EXERCISE GOAL
From the entries below, retype only the lines from the one with "活动当天,社区负责人为志愿者" through the one with "with 2x 4K 60Hz", exactly as written.

DATA FOR THIS TASK

== == ==

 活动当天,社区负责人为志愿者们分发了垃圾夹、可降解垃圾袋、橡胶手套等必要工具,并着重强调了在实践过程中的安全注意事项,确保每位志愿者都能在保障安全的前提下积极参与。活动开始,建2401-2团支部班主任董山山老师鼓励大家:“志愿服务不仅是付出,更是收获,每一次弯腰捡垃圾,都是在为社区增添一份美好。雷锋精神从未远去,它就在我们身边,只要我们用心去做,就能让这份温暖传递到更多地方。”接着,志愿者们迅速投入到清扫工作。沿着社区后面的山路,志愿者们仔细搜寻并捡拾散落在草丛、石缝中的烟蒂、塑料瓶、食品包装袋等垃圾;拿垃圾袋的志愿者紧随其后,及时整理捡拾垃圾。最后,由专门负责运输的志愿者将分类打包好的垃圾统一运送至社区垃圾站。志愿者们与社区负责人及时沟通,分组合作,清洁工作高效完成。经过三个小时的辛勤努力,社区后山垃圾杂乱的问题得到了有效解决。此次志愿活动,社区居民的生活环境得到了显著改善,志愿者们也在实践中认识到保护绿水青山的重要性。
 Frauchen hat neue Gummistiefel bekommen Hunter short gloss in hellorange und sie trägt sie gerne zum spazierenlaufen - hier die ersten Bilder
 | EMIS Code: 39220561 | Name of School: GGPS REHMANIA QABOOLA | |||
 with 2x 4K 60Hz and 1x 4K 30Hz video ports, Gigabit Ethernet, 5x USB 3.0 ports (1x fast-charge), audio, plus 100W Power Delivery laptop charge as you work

== == ==

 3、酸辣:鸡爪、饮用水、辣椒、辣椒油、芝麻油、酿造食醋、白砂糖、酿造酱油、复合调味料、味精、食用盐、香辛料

== == ==

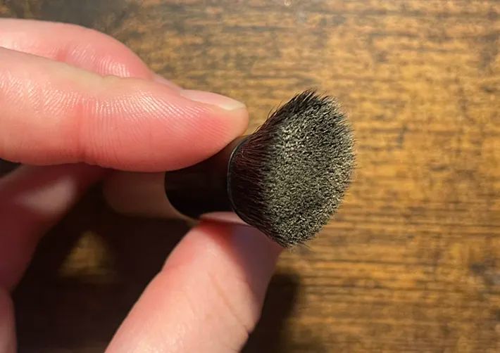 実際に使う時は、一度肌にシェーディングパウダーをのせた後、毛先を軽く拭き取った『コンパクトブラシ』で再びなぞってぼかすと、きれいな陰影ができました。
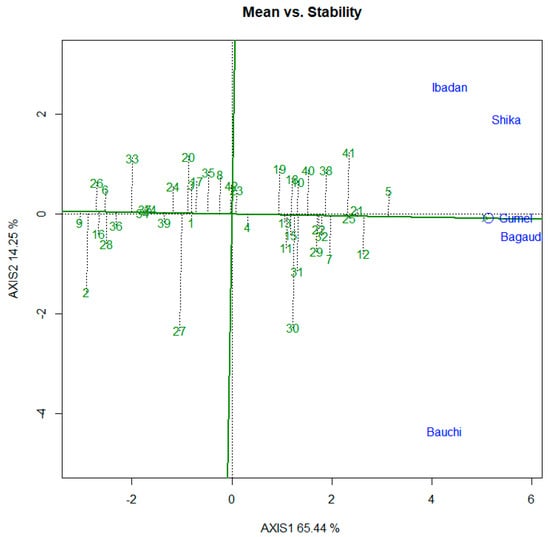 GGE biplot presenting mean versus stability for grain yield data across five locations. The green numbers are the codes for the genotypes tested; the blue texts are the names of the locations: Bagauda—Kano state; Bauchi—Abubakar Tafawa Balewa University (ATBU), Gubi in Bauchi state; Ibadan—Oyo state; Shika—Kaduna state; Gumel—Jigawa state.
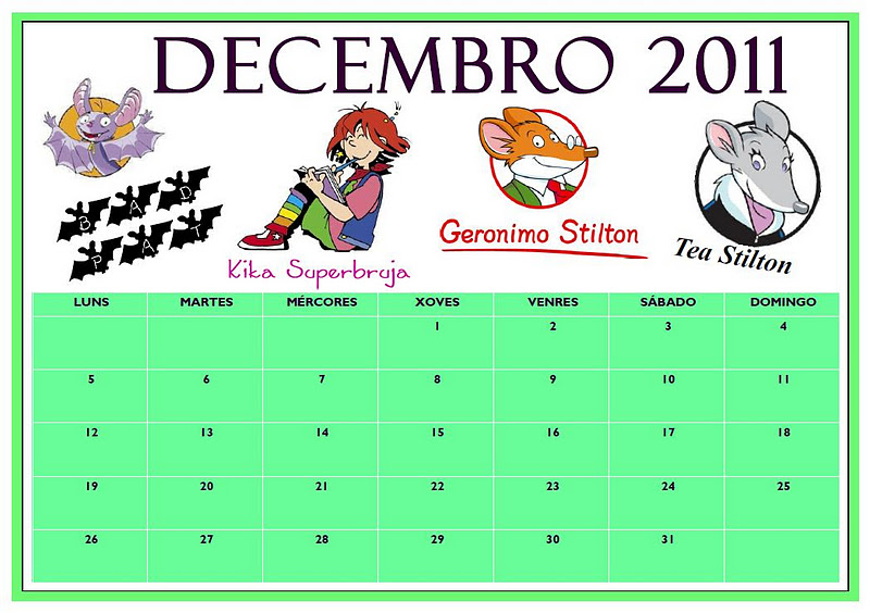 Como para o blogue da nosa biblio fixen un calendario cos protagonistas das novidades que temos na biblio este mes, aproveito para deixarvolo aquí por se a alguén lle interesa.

== == ==

RESULT FOR THIS EXERCISE
 活动当天,社区负责人为志愿者们分发了垃圾夹、可降解垃圾袋、橡胶手套等必要工具,并着重强调了在实践过程中的安全注意事项,确保每位志愿者都能在保障安全的前提下积极参与。活动开始,建2401-2团支部班主任董山山老师鼓励大家:“志愿服务不仅是付出,更是收获,每一次弯腰捡垃圾,都是在为社区增添一份美好。雷锋精神从未远去,它就在我们身边,只要我们用心去做,就能让这份温暖传递到更多地方。”接着,志愿者们迅速投入到清扫工作。沿着社区后面的山路,志愿者们仔细搜寻并捡拾散落在草丛、石缝中的烟蒂、塑料瓶、食品包装袋等垃圾;拿垃圾袋的志愿者紧随其后,及时整理捡拾垃圾。最后,由专门负责运输的志愿者将分类打包好的垃圾统一运送至社区垃圾站。志愿者们与社区负责人及时沟通,分组合作,清洁工作高效完成。经过三个小时的辛勤努力,社区后山垃圾杂乱的问题得到了有效解决。此次志愿活动,社区居民的生活环境得到了显著改善,志愿者们也在实践中认识到保护绿水青山的重要性。
 Frauchen hat neue Gummistiefel bekommen Hunter short gloss in hellorange und sie trägt sie gerne zum spazierenlaufen - hier die ersten Bilder
 | EMIS Code: 39220561 | Name of School: GGPS REHMANIA QABOOLA | |||
 with 2x 4K 60Hz and 1x 4K 30Hz video ports, Gigabit Ethernet, 5x USB 3.0 ports (1x fast-charge), audio, plus 100W Power Delivery laptop charge as you work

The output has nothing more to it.